The first time I ever went to New York –I was happily side-tracked by the Halloween Parade. Woe be unto to he who tries to get from the West Village to the East Village that night. It is almost the first memory I have of New York, and the one that made me fall in love with this city. It was not different from Mardi Gras and had the ribald flavor of the Ensor painting of Jesus heading into Brussels. The costumes, the color, the freedom and the sound of it were intoxicating. I knew that in some way I had to be part of this city; these out-loud, square-pegs with an insatiable appetite for life.

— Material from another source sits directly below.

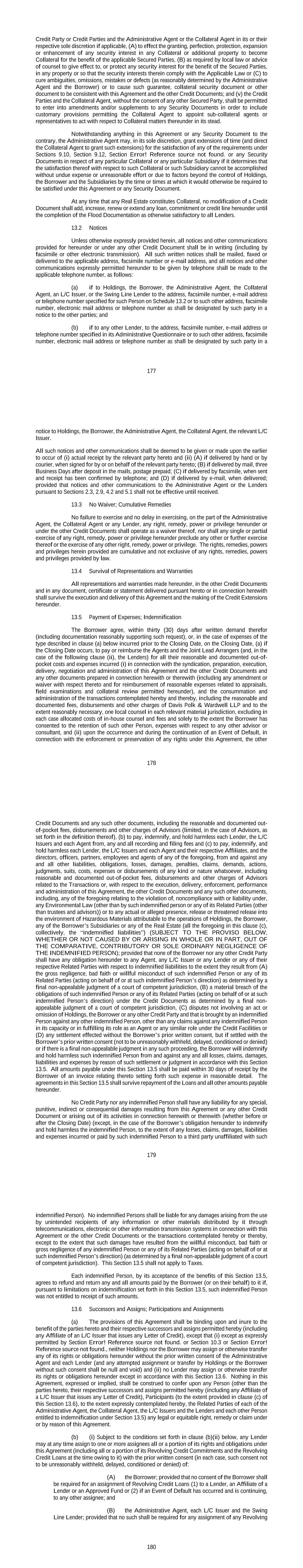 177 Credit Party or Credit Parties and the Administrative Agent or the Collateral Agent in its or their respective sole discretion if applicable, (A) to effect the granting, perfection, protection, expansion or enhancement of any security interest in any Collateral or additional property to become Collateral for the benefit of the applicable Secured Parties, (B) as required by local law or advice of counsel to give effect to, or protect any security interest for the benefit of the Secured Parties, in any property or so that the security interests therein comply with the Applicable Law or (C) to cure ambiguities, omissions, mistakes or defects (as reasonably determined by the Administrative Agent and the Borrower) or to cause such guarantee, collateral security document or other document to be consistent with this Agreement and the other Credit Documents; and (v) the Credit Parties and the Collateral Agent, without the consent of any other Secured Party, shall be permitted to enter into amendments and/or supplements to any Security Documents in order to include customary provisions permitting the Collateral Agent to appoint sub-collateral agents or representatives to act with respect to Collateral matters thereunder in its stead. Notwithstanding anything in this Agreement or any Security Document to the contrary, the Administrative Agent may, in its sole discretion, grant extensions of time (and direct the Collateral Agent to grant such extensions) for the satisfaction of any of the requirements under Sections 9.10, Section 9.12, Section Error! Reference source not found. or any Security Documents in respect of any particular Collateral or any particular Subsidiary if it determines that the satisfaction thereof with respect to such Collateral or such Subsidiary cannot be accomplished without undue expense or unreasonable effort or due to factors beyond the control of Holdings, the Borrower and the Subsidiaries by the time or times at which it would otherwise be required to be satisfied under this Agreement or any Security Document. At any time that any Real Estate constitutes Collateral, no modification of a Credit Document shall add, increase, renew or extend any loan, commitment or credit line hereunder until the completion of the Flood Documentation as otherwise satisfactory to all Lenders. 13.2 Notices Unless otherwise expressly provided herein, all notices and other communications provided for hereunder or under any other Credit Document shall be in writing (including by facsimile or other electronic transmission). All such written notices shall be mailed, faxed or delivered to the applicable address, facsimile number or e-mail address, and all notices and other communications expressly permitted hereunder to be given by telephone shall be made to the applicable telephone number, as follows: (a) if to Holdings, the Borrower, the Administrative Agent, the Collateral Agent, an L/C Issuer, or the Swing Line Lender to the address, facsimile number, e-mail address or telephone number specified for such Person on Schedule 13.2 or to such other address, facsimile number, electronic mail address or telephone number as shall be designated by such party in a notice to the other parties; and (b) if to any other Lender, to the address, facsimile number, e-mail address or telephone number specified in its Administrative Questionnaire or to such other address, facsimile number, electronic mail address or telephone number as shall be designated by such party in a 178 notice to Holdings, the Borrower, the Administrative Agent, the Collateral Agent, the relevant L/C Issuer. All such notices and other communications shall be deemed to be given or made upon the earlier to occur of (i) actual receipt by the relevant party hereto and (ii) (A) if delivered by hand or by courier, when signed for by or on behalf of the relevant party hereto; (B) if delivered by mail, three Business Days after deposit in the mails, postage prepaid; (C) if delivered by facsimile, when sent and receipt has been confirmed by telephone; and (D) if delivered by e-mail, when delivered; provided that notices and other communications to the Administrative Agent or the Lenders pursuant to Sections 2.3, 2.9, 4.2 and 5.1 shall not be effective until received. 13.3 No Waiver; Cumulative Remedies No failure to exercise and no delay in exercising, on the part of the Administrative Agent, the Collateral Agent or any Lender, any right, remedy, power or privilege hereunder or under the other Credit Documents shall operate as a waiver thereof, nor shall any single or partial exercise of any right, remedy, power or privilege hereunder preclude any other or further exercise thereof or the exercise of any other right, remedy, power or privilege. The rights, remedies, powers and privileges herein provided are cumulative and not exclusive of any rights, remedies, powers and privileges provided by law. 13.4 Survival of Representations and Warranties All representations and warranties made hereunder, in the other Credit Documents and in any document, certificate or statement delivered pursuant hereto or in connection herewith shall survive the execution and delivery of this Agreement and the making of the Credit Extensions hereunder. 13.5 Payment of Expenses; Indemnification The Borrower agree, within thirty (30) days after written demand therefor (including documentation reasonably supporting such request), or, in the case of expenses of the type described in clause (a) below incurred prior to the Closing Date, on the Closing Date, (a) if the Closing Date occurs, to pay or reimburse the Agents and the Joint Lead Arrangers (and, in the case of the following clause (ii), the Lenders) for all their reasonable and documented out-of- pocket costs and expenses incurred (i) in connection with the syndication, preparation, execution, delivery, negotiation and administration of this Agreement and the other Credit Documents and any other documents prepared i

The Halloween was a kind of wake up call to me, telling me to free my ass and my heart and mind would follow. It was a huge event in the gay community, and these gay folks were not afraid or quiet of the retiring sort. It was good for me to see. At the time, I didn’t know a lot of gay people. Back then, Chicago was still very conservative and buttoned down when it came to matters of sexuality.

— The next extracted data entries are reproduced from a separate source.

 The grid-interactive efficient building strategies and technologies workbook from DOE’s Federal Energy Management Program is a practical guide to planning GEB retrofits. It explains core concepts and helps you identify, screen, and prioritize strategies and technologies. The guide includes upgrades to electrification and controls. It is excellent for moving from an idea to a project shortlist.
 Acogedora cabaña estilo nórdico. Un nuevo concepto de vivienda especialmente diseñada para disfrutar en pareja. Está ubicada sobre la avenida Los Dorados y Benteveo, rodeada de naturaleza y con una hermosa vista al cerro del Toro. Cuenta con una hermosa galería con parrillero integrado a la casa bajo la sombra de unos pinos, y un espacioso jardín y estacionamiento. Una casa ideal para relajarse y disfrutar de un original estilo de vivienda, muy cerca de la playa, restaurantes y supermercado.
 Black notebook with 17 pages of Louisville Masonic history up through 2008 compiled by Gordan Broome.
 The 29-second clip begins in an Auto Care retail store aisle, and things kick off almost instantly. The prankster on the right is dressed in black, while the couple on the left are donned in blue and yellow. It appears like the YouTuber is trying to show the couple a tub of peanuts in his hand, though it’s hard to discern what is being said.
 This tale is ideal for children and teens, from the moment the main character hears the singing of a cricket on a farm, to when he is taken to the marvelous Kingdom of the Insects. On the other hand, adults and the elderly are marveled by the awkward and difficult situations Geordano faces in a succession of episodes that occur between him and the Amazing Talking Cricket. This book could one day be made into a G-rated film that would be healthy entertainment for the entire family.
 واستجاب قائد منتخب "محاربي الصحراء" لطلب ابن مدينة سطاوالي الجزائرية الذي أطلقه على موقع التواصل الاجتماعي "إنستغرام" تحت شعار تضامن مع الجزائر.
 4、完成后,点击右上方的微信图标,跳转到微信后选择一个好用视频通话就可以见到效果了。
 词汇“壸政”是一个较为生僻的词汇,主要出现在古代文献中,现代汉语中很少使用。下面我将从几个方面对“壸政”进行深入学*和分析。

The Halloween Parade was where people could be whoever and whatever the fuck they pleased, and this idea had more than a little appeal to me. There were drag queens, giant puppets operated with rods, harlequins, bikers with assless chaps, Village People imitators, walking penises, dogs with no leashes, people with leashes, fairies, wicked witches, angels, devils, Alice in Wonderland characters, red queens, princes, leather cowboys, guys in drag as nuns, Samurai warriors. . .you name it. It sent the message to me loud and clear that New York City was about what was possible. One’s hopes were as viable a currency as anything else.
“There’s a girl from Soho with a t-shirt saying, “I blow,”

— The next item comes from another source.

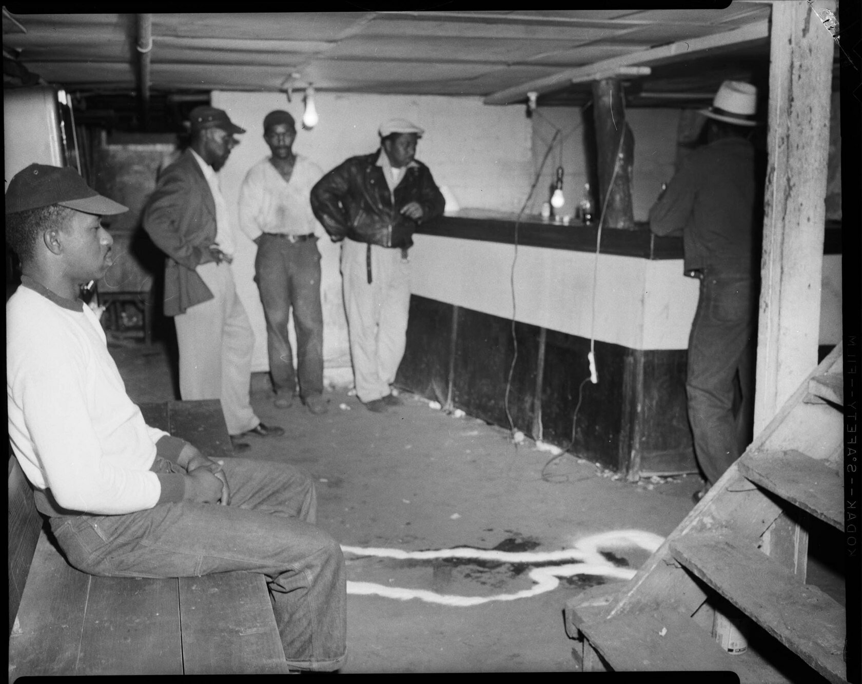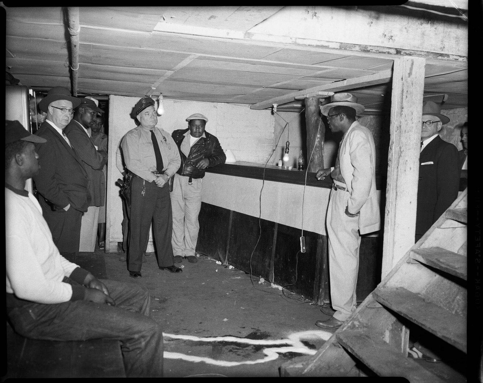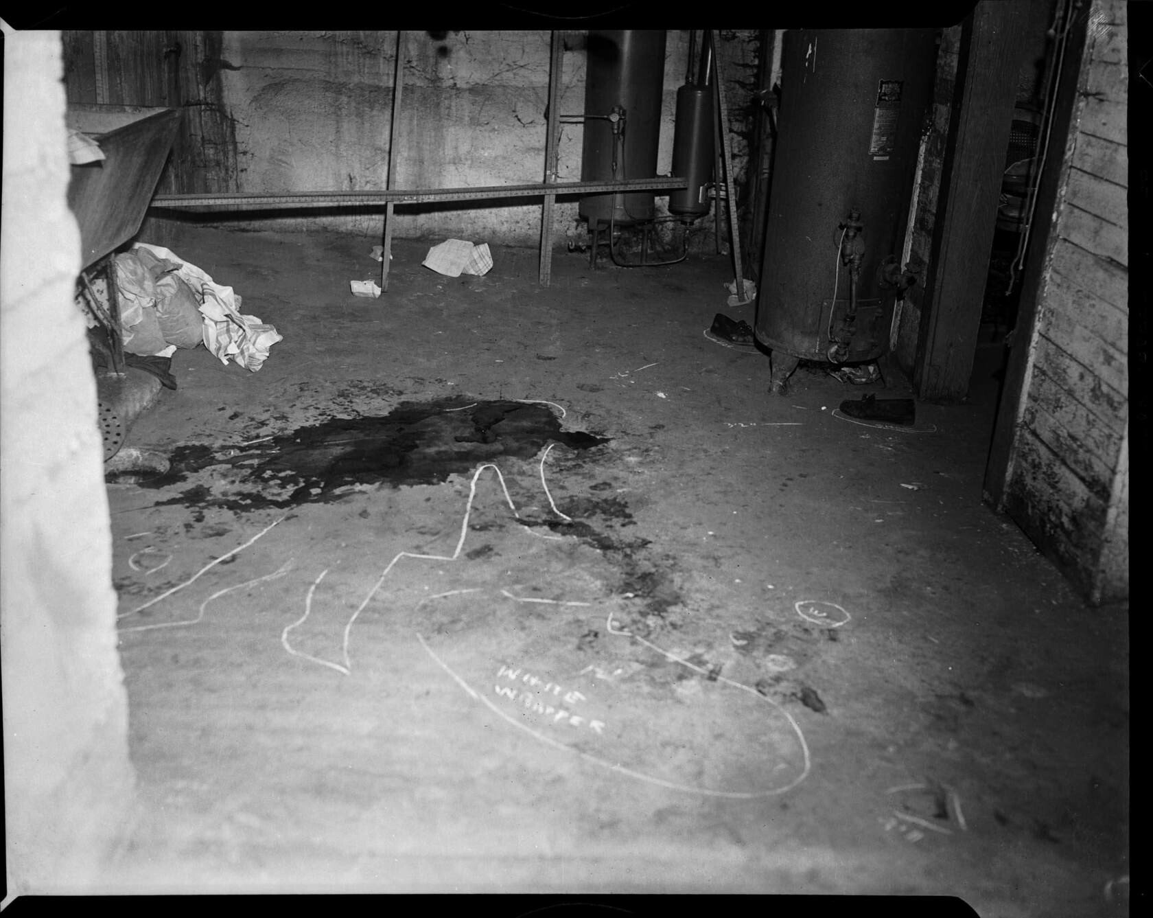 Άνδρες στέκονται γύρω από τη σκηνή του εγκλήματος με το περίγραμμα του πτώματος του William Lee Jr., στο υπόγειο μπαρ του σπιτιού Burkett home, 1127 Washington Avenue, Braddock - 27 Σεπτεμβρίου 1955.

She’s with the “Jive five, 2 plus 3”
And the girls for pay dates
are giving cut rates
Or else doing it for free
The past keeps knock, knock, knocking on my door
and I don’t want to hear it anymore”
I’ve always loved the New York record by Lou Reed. For me, it is one of those albums that reads like a great novel; a novel buoyed between the polarities of tragedy and hope. On this record we hear Lou at his most bitterly angry, yet also at his most plaintively hopeful. There is a feeling that at this point in history, New York, the city, could go either way and Lou read the tea leaves a little quicker than everyone else. He is smack in the middle of the Go-Go eighties, “Greed is good,” stupid hair and Duran Duran. But his attention is focused on the making and unmaking of his city, the reckless homicides of Elanor Bumpurs and Michael Stewart, two powerless people of color the police executed with impunity in the shadow of the Statue of Bigotry. Here, Lou goes hard on his beloved city and its thoughtless cruelty. Or in Dirty Boulevard, when the song’s subject, Pedro, is beaten because his father is Too Proud to Beg, Reed knows the impoverished spirit is intergenerational and will soon infect the son.
There is also the plague-like specter of AIDS which haunts the Halloween Parade and it’s ghostly revelers. The New York record was one of those vital watershed moments in my life when I felt like another artist was talking directly to me, lending me a voice until I could cultivate one of my own. It is amazing how often I return to this masterpiece for a little bit of the busload of faith.
There are many songs and books and musical tropes that hint at the subjects Lou writes about in deft, sure strokes, but they’ve always seemed watery to me.
Lou Reed’s New York is the raw ether of that city, as real as Algren’s Chicago, and Ellroy’s Los Angeles, and it is as indelible and dirty as tar.